Если значения указаны верно, можно запускать teleport:
sudo systemctl start teleport
Следующий этап – создание пользователей и получение доступа к веб-интерфейсу программы. Для начала убедимся, что по доменному имени открывается веб-интерфейс. В браузере переходим по доменному имени, которое было указано в параметре public_addr, должно появиться окно аутентификации:
Так как пользователей у нас нет, необходимо их создать. Для этого выполним следующую команду в терминале:
sudo tctl users add teleport-admin --roles=editor, access --logins=root, ubuntu
Утилиту tctl необходимо запускать от имени root пользователя или при помощи sudo. В качестве параметров использованы следующие:
add teleport-admin – создает пользователя с именем teleport-admin, при помощи которого будет осуществляться доступ в веб-интерфейс;
--roles=editor, access – задает роли (или по-простому права доступа) для создаваемого пользователя. С полным списком доступных ролей и их описанием можно ознакомиться по ссылке;
--logins=root, ubuntu – генерирует список пользователей, которые смогут подключаться к необходимым системам по протоколу SSH. Необходимые пользователи уже должны быть созданы заранее на том сервере, где запущен демон teleport, и получить возможность подключаться по SSH. Также можно использовать пользователей, которые находятся в Active Directory, GitHub и других системах. Полный список поддерживаемых провайдеров можно посмотреть по ссылке.

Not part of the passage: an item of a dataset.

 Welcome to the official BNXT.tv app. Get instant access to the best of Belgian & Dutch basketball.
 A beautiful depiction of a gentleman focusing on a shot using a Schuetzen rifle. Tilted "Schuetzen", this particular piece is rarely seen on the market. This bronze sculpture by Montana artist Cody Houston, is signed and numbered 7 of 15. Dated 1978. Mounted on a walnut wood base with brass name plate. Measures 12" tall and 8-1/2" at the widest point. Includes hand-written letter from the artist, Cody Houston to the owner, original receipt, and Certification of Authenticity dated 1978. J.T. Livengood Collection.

После нажатия на клавишу Enter в выводе команды отобразится ссылка, по которой необходимо перейти в браузере для дальнейшей настройки системы:
Далее задаем пароль администратору системы (который был создан на этапе создания пользователя, в данном случае это пользователь с именем teleport-admin):
После того как был задан пароль, необходимо настроить двухэтапную аутентификацию. После этого вы сможете входить в интерфейс Teleport (как в веб-интерфейс, так и в интерфейс командной строки tsh).

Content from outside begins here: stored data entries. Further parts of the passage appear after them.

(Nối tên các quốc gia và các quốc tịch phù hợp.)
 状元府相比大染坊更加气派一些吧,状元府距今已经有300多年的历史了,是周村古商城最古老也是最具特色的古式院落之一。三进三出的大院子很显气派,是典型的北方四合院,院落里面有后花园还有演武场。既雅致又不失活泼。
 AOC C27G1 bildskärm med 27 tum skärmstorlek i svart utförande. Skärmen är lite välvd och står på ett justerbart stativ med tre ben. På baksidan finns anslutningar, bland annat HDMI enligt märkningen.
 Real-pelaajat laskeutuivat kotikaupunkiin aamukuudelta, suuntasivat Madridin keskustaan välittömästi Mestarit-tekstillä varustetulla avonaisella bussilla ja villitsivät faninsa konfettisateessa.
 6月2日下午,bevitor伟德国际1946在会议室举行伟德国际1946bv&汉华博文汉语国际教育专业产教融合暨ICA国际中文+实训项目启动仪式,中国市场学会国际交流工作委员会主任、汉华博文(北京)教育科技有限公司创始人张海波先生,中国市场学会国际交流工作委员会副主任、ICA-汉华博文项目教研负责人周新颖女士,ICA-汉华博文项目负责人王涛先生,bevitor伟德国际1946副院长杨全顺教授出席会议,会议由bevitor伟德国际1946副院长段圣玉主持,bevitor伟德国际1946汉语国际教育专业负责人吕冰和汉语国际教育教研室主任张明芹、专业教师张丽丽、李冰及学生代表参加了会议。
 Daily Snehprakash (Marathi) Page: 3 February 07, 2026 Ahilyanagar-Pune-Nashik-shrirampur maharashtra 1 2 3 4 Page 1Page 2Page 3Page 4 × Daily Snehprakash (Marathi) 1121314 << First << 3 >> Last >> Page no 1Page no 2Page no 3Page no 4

На смартфон под управлением Android или iOS скачиваем любое приложение для работы с двухэтапной аутентификацией (Authy, Google Authenticator, Twilio Authy) и сканируем QR-код, который отобразится на экране:
Разберем на примере Google Authenticator. В самом приложении нажимаем на кнопку с плюсом, которая находится справа снизу:
Далее выбираем пункт «Сканировать QR-код»:
После сканирования появится блок с кодом, который действует ограниченное время:
Цифры вводим в поле AUTHENTICATION CODE и нажимаем на кнопку SUBMIT. После этого отобразится сообщение о том, что регистрация выполнена успешно и можно перейти в веб-интерфейс:
Подключение кластера Kubernetes к Teleport
Для того чтобы использовать Teleport для входа в кластер Kubernetes, необходимо установить агент. Для начала проверим, работает ли аутентификация в Teleport при помощи следующей команды:
tsh login --proxy=teleport-test.ru --user=teleport-admin
Где:
--proxy – адрес (доменное имя), на котором присутствует веб-интерфейс Teleport;
--user – пользователь, который используется для входа в веб-интерфейс.

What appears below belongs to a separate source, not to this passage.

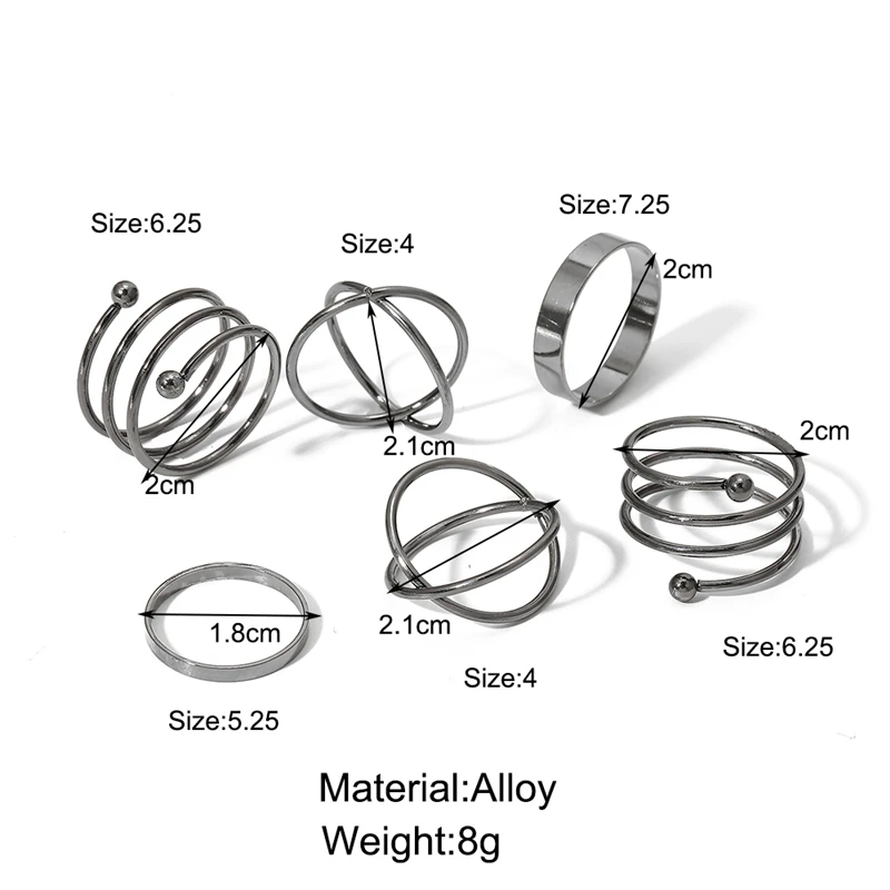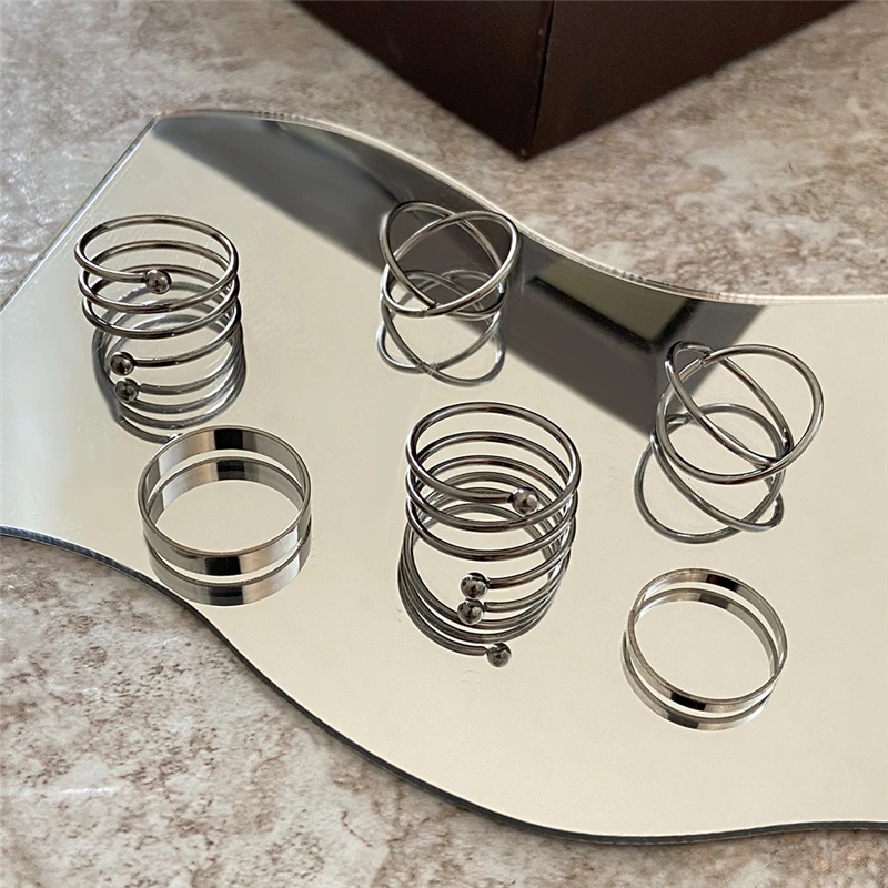 Кольца на палец в стиле панк, 6 шт.компл., минималистичные гладкие ...

После ввода пароля пользователя и OTP токена (токен двухфакторной аутентификации) должна отобразиться информация о текущем подключении к Teleport (см. скриншот выше).
Следующий шаг — это генерация токена, который будет использоваться для подключения кластера Kubernetes к службе Teleport:
TOKEN=$(sudo tctl nodes add --roles=kube --ttl=10000h --format=json | jq -r '.[0]')
Проверим, что токен действительно был сгенерирован:
echo $TOKEN
Затем добавим Helm чарт, который будет использоваться для установки агента (helm должен быть установлен заранее):
helm repo add teleport https://charts.releases.teleport.dev
И обновим репозиторий:
helm repo update
Следующий шаг — это создание переменных. В переменной PROXY_ADDR зададим доменное имя, на котором находиться веб-интерфейс teleport в формате доменное_имя:443, где 443 — это порт HTTPS:
PROXY_ADDR=teleport-test.ru:443
Вторая переменная задает имя кластера. Можно задать любое имя:
CLUSTER=myk8s
Команда для установки агента выглядит следующим образом:
helm upgrade --install teleport-agent teleport/teleport-kube-agent \
--set kubeClusterName=${CLUSTER?} \
--set proxyAddr=${PROXY_ADDR?} \
--set authToken=${TOKEN?} \
--create-namespace \
--namespace=teleport-agent \
--version 12.1.0
Будет создан новый namespace с именем teleport-agent.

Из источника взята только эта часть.